What happened on March 4th is clear, citizens were scheduled to speak on this proposed change to city municipal code were denied that right and instead of scheduling two separate meetings where citizens could express their view, they were granted one, the meeting where the final was to be taken, March 18, 2013.
The ordinance was approved this evening with what appeared to be little attention paid to citizen views.
While this proposed change does not reach the level of something like the CRC, citizen concerns should heard before such changes are made and along with being heard, taken into consideration before approval or denial by city council, regardless of the merits of the ordinance.
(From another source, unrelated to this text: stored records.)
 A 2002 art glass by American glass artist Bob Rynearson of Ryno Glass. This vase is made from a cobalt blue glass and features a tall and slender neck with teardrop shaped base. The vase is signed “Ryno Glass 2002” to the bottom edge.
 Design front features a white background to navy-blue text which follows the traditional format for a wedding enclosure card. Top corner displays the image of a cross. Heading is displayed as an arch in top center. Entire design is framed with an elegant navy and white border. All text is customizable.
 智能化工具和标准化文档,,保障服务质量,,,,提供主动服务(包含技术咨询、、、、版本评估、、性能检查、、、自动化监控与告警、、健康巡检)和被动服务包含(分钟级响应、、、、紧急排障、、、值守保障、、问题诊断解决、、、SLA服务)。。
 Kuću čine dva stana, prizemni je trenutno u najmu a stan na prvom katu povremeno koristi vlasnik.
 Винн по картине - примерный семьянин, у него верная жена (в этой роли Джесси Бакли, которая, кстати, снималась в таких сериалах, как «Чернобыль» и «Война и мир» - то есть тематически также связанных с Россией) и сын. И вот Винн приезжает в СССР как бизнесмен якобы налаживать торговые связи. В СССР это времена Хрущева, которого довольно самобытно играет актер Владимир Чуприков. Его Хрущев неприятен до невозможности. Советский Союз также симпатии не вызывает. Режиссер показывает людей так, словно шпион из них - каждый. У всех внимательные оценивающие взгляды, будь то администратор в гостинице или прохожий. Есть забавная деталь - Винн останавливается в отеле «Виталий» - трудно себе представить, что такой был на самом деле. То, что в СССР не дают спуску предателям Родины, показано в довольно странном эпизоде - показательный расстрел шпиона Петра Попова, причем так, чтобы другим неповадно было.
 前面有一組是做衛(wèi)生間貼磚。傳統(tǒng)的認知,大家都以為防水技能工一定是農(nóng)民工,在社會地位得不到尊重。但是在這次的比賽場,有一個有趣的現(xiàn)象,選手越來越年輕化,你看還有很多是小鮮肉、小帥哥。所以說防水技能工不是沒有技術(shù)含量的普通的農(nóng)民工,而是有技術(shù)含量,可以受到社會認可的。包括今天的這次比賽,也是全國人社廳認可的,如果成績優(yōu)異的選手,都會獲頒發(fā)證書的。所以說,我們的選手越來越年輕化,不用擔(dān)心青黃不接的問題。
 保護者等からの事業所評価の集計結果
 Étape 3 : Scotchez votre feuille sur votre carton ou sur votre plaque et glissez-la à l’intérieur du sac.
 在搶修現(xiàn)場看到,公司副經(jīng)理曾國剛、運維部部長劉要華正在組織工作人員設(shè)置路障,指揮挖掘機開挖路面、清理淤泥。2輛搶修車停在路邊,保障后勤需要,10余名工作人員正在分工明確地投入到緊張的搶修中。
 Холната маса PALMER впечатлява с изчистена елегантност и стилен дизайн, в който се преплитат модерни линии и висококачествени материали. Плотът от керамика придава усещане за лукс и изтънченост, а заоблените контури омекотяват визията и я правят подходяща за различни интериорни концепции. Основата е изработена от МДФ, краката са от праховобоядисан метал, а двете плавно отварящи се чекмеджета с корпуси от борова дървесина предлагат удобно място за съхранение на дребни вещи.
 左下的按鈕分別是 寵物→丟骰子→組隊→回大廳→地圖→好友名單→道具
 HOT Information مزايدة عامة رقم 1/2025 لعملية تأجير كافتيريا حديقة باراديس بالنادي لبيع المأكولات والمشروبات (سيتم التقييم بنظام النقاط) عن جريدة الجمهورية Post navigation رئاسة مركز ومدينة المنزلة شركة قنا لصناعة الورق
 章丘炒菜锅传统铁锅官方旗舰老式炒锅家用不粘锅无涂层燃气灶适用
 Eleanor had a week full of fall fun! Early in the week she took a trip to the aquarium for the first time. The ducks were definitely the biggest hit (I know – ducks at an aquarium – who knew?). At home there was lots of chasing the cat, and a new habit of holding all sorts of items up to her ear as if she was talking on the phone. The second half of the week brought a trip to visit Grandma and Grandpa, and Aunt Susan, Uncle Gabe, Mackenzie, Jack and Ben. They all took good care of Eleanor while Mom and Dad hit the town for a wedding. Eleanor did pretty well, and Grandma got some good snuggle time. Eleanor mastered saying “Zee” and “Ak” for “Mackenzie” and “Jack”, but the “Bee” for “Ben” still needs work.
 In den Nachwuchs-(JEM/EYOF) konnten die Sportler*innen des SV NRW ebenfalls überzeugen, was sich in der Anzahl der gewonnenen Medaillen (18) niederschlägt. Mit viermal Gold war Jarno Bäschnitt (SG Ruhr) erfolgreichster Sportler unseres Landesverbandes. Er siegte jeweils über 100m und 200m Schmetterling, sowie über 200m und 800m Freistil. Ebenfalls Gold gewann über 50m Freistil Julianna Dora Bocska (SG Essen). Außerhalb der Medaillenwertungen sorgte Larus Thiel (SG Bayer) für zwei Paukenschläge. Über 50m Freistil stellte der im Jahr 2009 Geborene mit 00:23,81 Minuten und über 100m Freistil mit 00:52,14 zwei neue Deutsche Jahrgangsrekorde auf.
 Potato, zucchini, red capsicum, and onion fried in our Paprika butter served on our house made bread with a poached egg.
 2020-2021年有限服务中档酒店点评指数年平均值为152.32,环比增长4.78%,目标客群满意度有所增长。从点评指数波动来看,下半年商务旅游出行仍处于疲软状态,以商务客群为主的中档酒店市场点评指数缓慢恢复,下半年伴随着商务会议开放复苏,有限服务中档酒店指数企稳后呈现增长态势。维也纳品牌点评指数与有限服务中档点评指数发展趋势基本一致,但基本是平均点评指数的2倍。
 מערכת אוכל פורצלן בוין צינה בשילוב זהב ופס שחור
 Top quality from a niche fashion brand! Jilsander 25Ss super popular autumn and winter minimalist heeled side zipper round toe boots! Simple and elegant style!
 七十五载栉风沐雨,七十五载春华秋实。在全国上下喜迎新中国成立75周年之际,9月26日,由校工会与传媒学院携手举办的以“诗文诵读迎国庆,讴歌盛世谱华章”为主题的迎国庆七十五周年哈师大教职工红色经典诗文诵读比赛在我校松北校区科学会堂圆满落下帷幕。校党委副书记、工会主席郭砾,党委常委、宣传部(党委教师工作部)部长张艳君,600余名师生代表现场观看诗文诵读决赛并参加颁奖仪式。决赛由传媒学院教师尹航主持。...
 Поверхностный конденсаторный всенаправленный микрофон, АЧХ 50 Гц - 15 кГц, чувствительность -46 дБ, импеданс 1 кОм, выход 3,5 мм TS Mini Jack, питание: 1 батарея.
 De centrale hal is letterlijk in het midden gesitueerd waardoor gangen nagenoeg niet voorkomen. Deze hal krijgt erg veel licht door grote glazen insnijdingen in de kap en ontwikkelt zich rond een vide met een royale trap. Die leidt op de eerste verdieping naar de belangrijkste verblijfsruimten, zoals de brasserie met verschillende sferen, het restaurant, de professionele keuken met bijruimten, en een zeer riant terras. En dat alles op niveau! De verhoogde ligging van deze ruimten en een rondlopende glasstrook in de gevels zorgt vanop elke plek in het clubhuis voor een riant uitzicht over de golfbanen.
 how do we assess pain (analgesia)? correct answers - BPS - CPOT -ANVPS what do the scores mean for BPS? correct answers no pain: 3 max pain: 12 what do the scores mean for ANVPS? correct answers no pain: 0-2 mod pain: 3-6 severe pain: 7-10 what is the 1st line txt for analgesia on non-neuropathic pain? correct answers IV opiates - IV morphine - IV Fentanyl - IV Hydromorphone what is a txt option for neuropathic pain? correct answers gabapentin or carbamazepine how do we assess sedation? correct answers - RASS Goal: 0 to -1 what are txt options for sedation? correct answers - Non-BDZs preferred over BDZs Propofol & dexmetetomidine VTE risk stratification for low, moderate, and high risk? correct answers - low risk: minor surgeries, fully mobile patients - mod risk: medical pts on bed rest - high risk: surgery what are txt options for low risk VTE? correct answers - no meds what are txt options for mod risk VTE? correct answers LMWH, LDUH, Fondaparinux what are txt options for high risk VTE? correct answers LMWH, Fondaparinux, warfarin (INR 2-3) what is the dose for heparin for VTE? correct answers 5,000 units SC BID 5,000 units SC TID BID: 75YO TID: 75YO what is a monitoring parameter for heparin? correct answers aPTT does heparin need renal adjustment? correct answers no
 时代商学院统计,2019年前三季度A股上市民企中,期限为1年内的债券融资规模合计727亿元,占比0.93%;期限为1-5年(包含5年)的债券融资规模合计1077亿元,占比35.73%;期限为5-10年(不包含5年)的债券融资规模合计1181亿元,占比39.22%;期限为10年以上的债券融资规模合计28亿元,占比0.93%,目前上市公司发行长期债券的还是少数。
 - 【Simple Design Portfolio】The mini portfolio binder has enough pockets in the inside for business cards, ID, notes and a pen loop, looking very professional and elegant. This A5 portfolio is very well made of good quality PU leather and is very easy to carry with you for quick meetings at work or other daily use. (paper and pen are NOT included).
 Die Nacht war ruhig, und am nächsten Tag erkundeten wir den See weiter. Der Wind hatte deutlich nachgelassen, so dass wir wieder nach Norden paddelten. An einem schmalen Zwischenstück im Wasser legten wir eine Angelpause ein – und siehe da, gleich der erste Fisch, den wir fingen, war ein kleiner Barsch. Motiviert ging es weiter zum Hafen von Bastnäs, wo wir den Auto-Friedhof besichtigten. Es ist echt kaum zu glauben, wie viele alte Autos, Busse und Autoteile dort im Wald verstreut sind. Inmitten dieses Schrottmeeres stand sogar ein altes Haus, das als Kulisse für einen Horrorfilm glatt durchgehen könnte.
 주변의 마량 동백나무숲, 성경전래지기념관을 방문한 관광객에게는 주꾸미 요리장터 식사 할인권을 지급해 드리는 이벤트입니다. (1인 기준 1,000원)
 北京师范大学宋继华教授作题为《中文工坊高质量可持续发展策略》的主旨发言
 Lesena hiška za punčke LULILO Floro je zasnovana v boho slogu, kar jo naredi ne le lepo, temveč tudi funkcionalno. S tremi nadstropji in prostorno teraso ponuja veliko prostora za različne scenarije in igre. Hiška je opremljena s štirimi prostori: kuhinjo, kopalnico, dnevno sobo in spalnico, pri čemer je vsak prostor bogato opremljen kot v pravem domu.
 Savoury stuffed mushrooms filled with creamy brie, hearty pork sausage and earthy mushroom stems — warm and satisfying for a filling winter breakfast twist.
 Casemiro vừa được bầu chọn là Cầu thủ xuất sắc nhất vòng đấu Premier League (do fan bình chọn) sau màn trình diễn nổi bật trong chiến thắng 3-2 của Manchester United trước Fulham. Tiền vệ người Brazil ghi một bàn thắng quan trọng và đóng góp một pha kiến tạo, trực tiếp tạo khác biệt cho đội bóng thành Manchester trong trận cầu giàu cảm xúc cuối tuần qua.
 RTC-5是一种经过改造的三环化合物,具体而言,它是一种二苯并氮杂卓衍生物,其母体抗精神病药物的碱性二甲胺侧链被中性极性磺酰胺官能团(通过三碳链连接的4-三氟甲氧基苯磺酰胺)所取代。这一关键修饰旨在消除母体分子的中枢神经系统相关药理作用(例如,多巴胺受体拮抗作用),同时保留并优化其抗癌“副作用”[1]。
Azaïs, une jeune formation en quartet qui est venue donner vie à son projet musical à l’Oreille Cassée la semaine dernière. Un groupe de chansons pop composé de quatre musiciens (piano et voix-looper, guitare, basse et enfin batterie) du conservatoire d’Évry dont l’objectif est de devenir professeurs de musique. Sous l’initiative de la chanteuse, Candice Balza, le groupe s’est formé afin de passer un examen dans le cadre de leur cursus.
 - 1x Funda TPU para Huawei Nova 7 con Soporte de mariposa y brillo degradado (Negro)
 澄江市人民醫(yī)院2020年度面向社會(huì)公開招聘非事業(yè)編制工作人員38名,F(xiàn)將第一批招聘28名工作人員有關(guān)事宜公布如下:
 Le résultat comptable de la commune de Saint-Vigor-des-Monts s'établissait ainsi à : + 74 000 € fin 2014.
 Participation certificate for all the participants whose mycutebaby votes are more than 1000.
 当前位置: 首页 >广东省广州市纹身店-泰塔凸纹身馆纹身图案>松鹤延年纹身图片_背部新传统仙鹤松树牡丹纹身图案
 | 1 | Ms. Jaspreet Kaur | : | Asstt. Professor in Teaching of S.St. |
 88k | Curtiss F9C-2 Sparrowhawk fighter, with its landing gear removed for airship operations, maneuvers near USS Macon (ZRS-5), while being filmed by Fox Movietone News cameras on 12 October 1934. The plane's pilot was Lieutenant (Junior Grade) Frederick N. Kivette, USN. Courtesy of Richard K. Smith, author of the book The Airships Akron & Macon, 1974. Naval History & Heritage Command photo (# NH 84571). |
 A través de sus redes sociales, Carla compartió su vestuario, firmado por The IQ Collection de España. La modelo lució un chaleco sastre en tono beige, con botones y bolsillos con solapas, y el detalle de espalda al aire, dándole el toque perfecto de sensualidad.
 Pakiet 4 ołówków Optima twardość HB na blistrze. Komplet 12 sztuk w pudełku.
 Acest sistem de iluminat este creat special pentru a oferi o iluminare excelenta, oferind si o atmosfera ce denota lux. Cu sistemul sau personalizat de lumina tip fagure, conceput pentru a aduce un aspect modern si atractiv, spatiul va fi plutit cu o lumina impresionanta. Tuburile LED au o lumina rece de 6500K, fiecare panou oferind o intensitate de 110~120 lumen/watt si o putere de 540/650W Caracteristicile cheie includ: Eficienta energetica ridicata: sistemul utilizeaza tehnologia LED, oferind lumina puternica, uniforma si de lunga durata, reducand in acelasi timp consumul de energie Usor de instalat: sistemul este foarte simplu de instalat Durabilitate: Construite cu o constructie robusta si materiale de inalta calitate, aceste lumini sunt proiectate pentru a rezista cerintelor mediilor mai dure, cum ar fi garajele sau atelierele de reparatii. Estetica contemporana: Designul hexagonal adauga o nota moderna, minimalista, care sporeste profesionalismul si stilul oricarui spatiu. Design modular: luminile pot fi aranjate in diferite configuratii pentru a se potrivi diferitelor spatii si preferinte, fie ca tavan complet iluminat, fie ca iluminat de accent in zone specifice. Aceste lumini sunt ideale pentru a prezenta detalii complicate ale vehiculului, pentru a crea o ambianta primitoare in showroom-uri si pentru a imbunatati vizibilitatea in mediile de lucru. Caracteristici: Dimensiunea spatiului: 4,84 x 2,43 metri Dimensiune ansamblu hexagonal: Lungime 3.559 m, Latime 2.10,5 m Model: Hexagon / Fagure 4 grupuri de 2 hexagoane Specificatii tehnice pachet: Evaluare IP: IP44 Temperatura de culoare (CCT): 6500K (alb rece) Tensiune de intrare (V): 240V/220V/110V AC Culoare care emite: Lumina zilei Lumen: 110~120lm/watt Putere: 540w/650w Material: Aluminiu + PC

At the March 13, 2013 city council meeting, the disenfranchisement was brought up during the citizen forum and City Attorney Ted Gathe admitted council was in error in how they handled it, but no action was taken nor was a second hearing scheduled to comply with written procedure.
We cannot take this lightly as we have seen increasingly that government at all levels is moving away from the traditional role of “The government of the people, by the people and for the people” as well as what is stated in the very beginning of the Washington State Constitution where it says, “All political power is inherent in the people, and governments derive their just powers from the consent of the governed, and are established to protect and maintain individual rights.”
We are seeing more and more where the people are being dictated to with the expression from some we elect that once in office, they were elected to act on their personal views, not on the views of those they are elected to represent.
Such an attitude is seen in a comment left under a Columbian article (since removed apparently, but a copy was saved) concerning the ongoing controversy over the CRC and light rail by 49th Legislative District Representative, Democrat Jim Moeller where he expressed,
“It doesn’t really matter if Clark County is ready for or wants light-rail – it’s coming and it’s currently part of the proposal.”
That the votes of Clark County voted down the proposal of light rail by a 2 to 1 margin and have since been denied another vote, the proposal was brought back up before local government and commissions and approved.
We saw it when Mayor Tim Leavitt, after blatantly lying his way into office, tried to further limit citizen input on CRC & light rail saying city council has nothing to do with the decision, even though 3 members of the city council sat on the board that chose the ‘locally preferred alternative,’ light rail.
And now we see citizens being disenfranchised again by the city council and Mayor Leavitt as once again, citizens are denied the right of their voices heard and heeded in the adoption of an ordinance change.
In the complaint lodged by Mrs. Crain she asks for “a sanction or corrective action of the Mayor to be taken on the part of the council with regards to the blocking of the citizens right to the three minutes that should have been afforded us to speak on this agenda item. I expect reprimands for the same be placed in the employment files of both the city attorney Ted Gathe and the city manager Eric Holmes.”
Whether or not proper action will be taken remains to be seen. Given that previous complaints lodged against this Mayor were cast aside, I won’t be a bit surprised to see ‘Teflon’ Tim Leavitt slide by again.